DATA below:
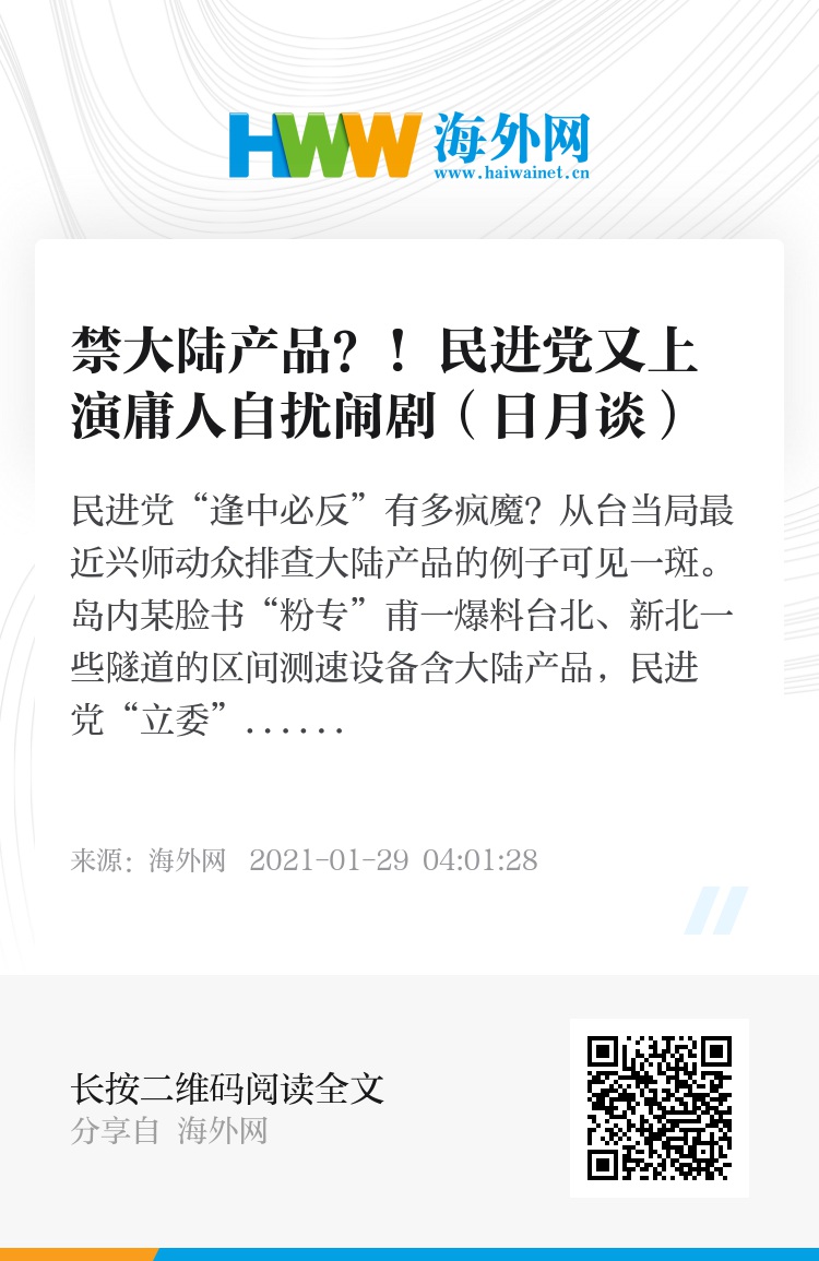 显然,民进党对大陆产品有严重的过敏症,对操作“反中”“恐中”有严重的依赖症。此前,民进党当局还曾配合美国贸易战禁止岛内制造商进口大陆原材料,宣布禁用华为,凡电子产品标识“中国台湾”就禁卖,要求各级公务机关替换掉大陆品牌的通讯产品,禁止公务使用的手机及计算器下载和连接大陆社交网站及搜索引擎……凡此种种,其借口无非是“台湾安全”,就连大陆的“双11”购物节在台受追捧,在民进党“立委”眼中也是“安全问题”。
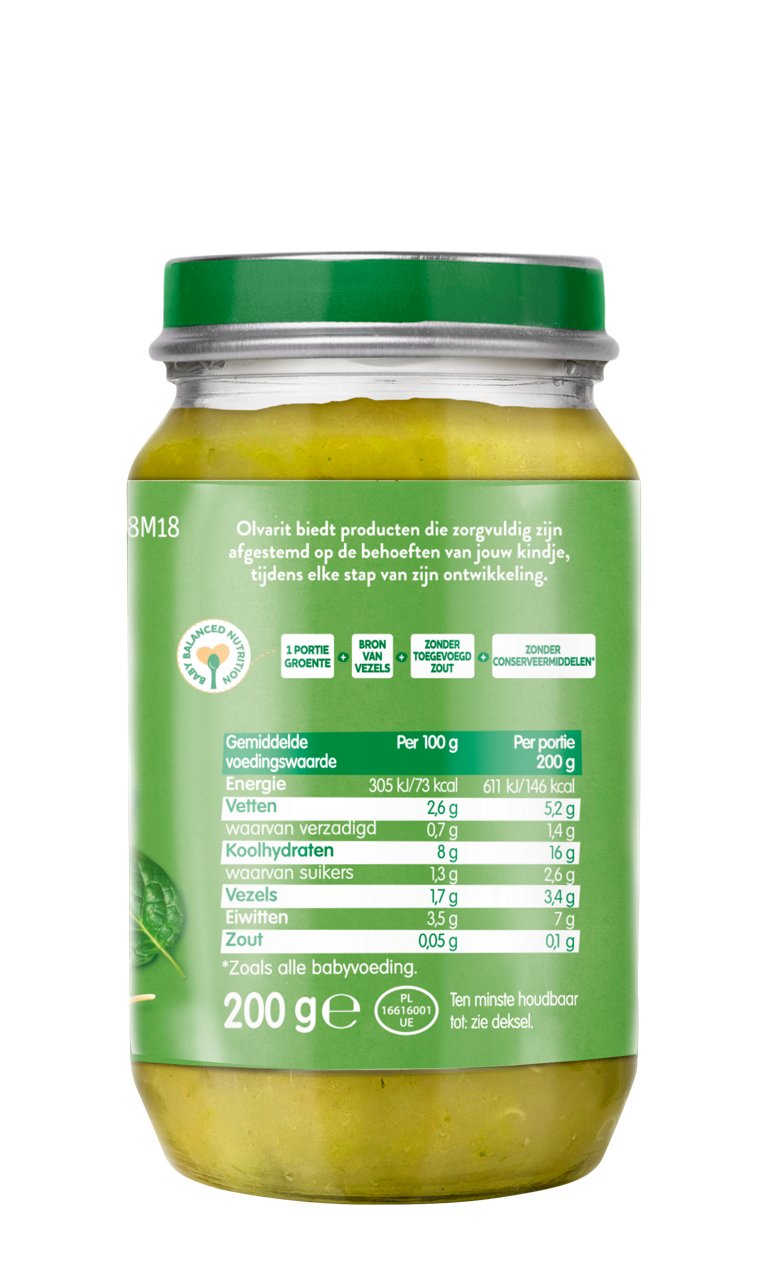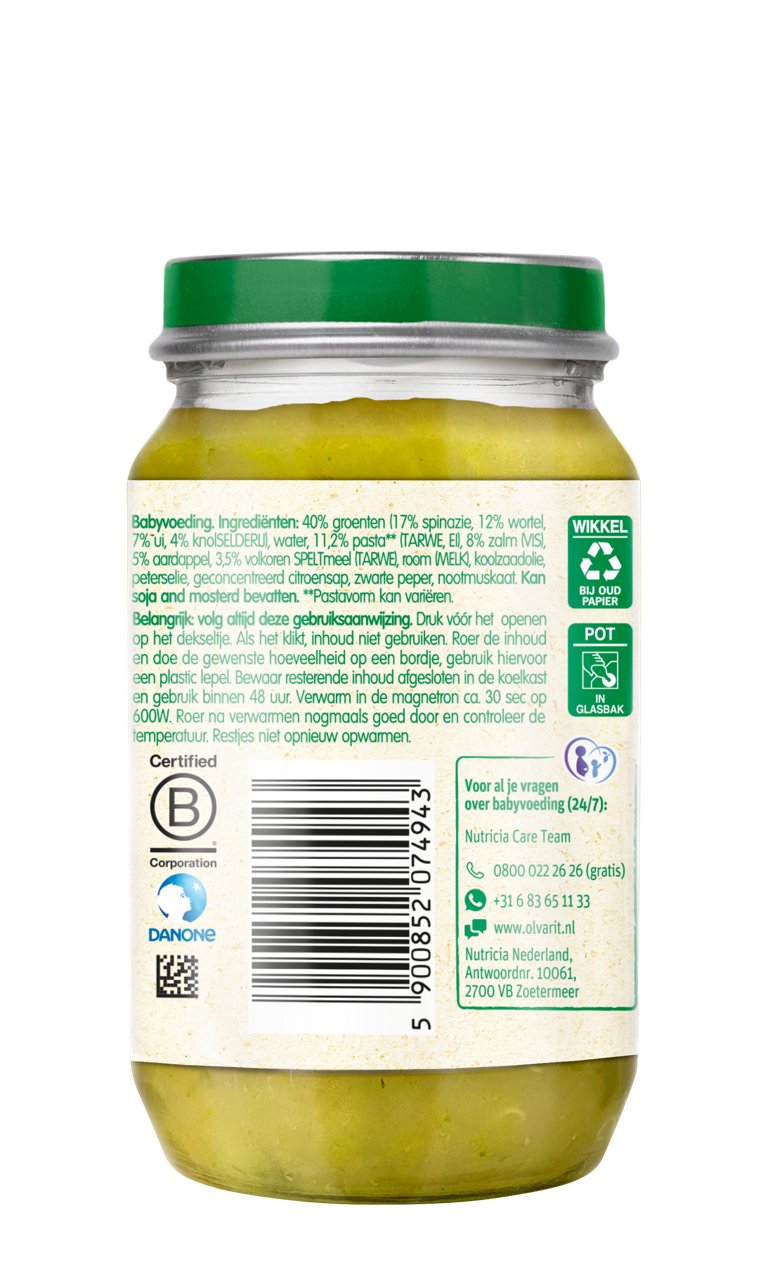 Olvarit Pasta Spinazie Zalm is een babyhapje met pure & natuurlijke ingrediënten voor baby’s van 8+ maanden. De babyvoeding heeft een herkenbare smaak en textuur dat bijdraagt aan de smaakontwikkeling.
End of DATA.
DATA below:
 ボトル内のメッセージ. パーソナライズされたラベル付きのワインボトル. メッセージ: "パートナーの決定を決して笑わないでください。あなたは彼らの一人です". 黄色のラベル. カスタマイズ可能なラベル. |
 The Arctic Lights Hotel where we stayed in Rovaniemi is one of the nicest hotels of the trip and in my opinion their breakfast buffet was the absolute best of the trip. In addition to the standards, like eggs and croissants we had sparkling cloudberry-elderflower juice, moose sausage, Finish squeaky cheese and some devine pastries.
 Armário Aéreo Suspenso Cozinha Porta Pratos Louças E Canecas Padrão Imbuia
End of DATA.
#### ACTIVITY:
Print nothing but the lines above starting with the line that contains "显然,民进党对大陆产品有严重" and going on through the line that contains "Olvarit Pasta Spinazie". Leave out the pictures.

#### TASK RESULT:
 显然,民进党对大陆产品有严重的过敏症,对操作“反中”“恐中”有严重的依赖症。此前,民进党当局还曾配合美国贸易战禁止岛内制造商进口大陆原材料,宣布禁用华为,凡电子产品标识“中国台湾”就禁卖,要求各级公务机关替换掉大陆品牌的通讯产品,禁止公务使用的手机及计算器下载和连接大陆社交网站及搜索引擎……凡此种种,其借口无非是“台湾安全”,就连大陆的“双11”购物节在台受追捧,在民进党“立委”眼中也是“安全问题”。
 Olvarit Pasta Spinazie Zalm is een babyhapje met pure & natuurlijke ingrediënten voor baby’s van 8+ maanden. De babyvoeding heeft een herkenbare smaak en textuur dat bijdraagt aan de smaakontwikkeling.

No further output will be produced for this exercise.